Principal component analysis (PCA) is a statistical procedure that uses an orthogonal transformation to convert a set of observations of possibly correlated variables (here spectra) into a set of values of linearly uncorrelated variables called principal components. If there are n observations with p variables, then the number of distinct principal components is min(n-1,p). This transformation is defined in such a way that the first principal component has the largest possible variance (that is, accounts for as much of the variability in the data as possible), and each succeeding component in turn has the highest variance possible under the constraint that it is orthogonal to the preceding components. The resulting vectors (each being a linear combination of the variables and containing n observations) are an uncorrelated orthogonal basis set. PCA is sensitive to the relative scaling of the original variables.

The workflow is the following:

Select samples and add spectra
Preprocess the spectra using various parameters
Calculate the PCA
Display each spectrum in the new space

Spectra selection, normalization and previsualization

The first step is to select the spectra :

Select spectra

How to select spectra.

Spectra selection

All the spectra analysis tools start with a phase of selection.

overview

Select samples

In order to facilitate the analysis of the spectra it is advised to have samples containing representative spectra in order to evaluate the intra-variability as well as the reproducibility.

Selection of spectra to analyze is achieved with one of those 3 methods:

At the level of the sample by either clicking on the +, this will add all the spectra related to this sample or on the + on the top of the sample box to add all the spectra of all the selected samples.

select sample

If you select a sample it is also possible to add a specific spectrum by clicking on the + at the level of the spectra list.

select spectra

Once spectra have been selected, data normalization filters can be applied :

Spectrum preprocessing

Apply mathematical tools to the spectra.

Preprocessing

preprocessing

Filters

You can apply the following filters to the spectra to enhance the visualization. The modifications include the following:

Center Mean : subtract the mean from every variable observation in the dataset, so that the new variable's mean is centered at 0.
Center Median : subtract the median from every variable observation in the dataset, so that the new variable's median is centered at 0`
Divide by SD : divide every variable observable in the dataset by the standard deviation yields a distribution with a standard deviation equal to 1.
Normed: Specify a value in the value field and select the type of normalization:
- Sum to value: normalize the integral under the curve so that it sums to the specified value.
- Absolute sum to value: normalize the integral under the curve so that the absolute sum sums to the specified value.
- Max to value: normalize the maximum value to the specified value.
Rescale (x to y) : rescale the graph such that the y-values fit between specified minimum and maximum values.
First derivative : calculate the first derivative of the spectra.
Second derivative : calculate the second derivative of the spectra.
Third derivative : calculate the third derivative of the spectra.
Savitzky-Golay : smooth the spectra and calculate derivatives based on the following parameters:
- Window: smoothing window size, must be an odd number, greater than 5.
- Derivative: derivative order.
- Polynomial: the degree of the polynomial used to calculate the Savitzky-Golay.
AirPLS baseline : baseline correction using adaptive iterative reweighed penalized least squares algorithm.
Iterative polynomial baseline : baseline correction using iterative polynomial fitting algorithm.
Rolling average baseline : baseline correction using a rolling average.
Rolling median baseline : baseline correction using a rolling median.
Rolling ball baseline : baseline correction using a rolling ball.
Ensure growing X values: ensure that the x-values are in increasing order.
Function on X : apply a function to the x-values.

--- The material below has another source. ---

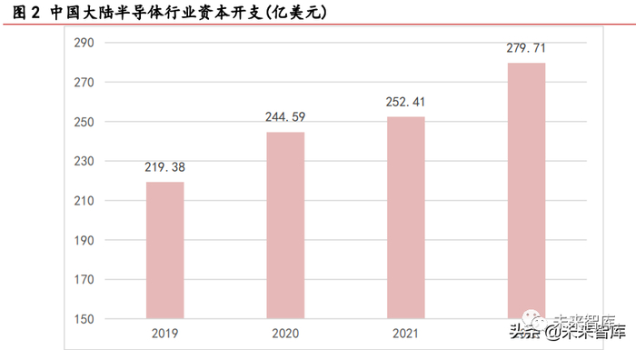 半导体设备是芯片制造的主要器材,受益下游需求增长拥有持续高企的市场景气度。物 联网、人工智能、新能源汽车、5G等新兴科技产业的大发展对整体芯片市场提出了暴增 式的需求,进而为晶圆厂资本开支提供了不断上升的动力。据Gartner数据,中国大陆半 导体行业资本开支有望从2019年的219.38亿美元增长至2022年的279.71亿美元。大量资 本开支主要用于相关产线建设,尤其设备的购买。并且,由于新兴科技对芯片产品性能、 集成度等要求不断提高,导致芯片制程不断精进,国际先进水平已至3nm,使得相关制造 设备的投资成本显著增长,为半导体设备提供了除规模增长之外的价值量提升。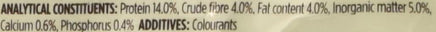 Protein 14.0%, Crude fibre 4.0%, Fat content 4.0%, Inorganic matter 5.0%, Calcium 0.6%, Phosphorus 0.4%

For example, log(x).
Function on Y : apply a function to the y-values. For example, log10(y+1).
Calibrate X : calibrate the x-values with the parameters from, to, nbPeak and targetX.
Pareto normalization : Pareto scaling, which uses the square root of standard deviation as the scaling factor, circumvents the amplification of noise by retaining a small portion of magnitude information. 10.1016/j.molstruc.2007.12.026

One classical preprocessing algorithm is Standard Normal Variate (SNV). This preprocessing can be achieved by selecting the 2 options Center mean and Divide by SD.

Selecting the range

A certain range of x-values can be selected to show only a part of the spectrum using Range.

Exclusions

Depending on the analysis, some regions should be removed using Exclusions in order to improve the visualization.

Number of points

Number of points can be changed to reduce the number of points in the spectra.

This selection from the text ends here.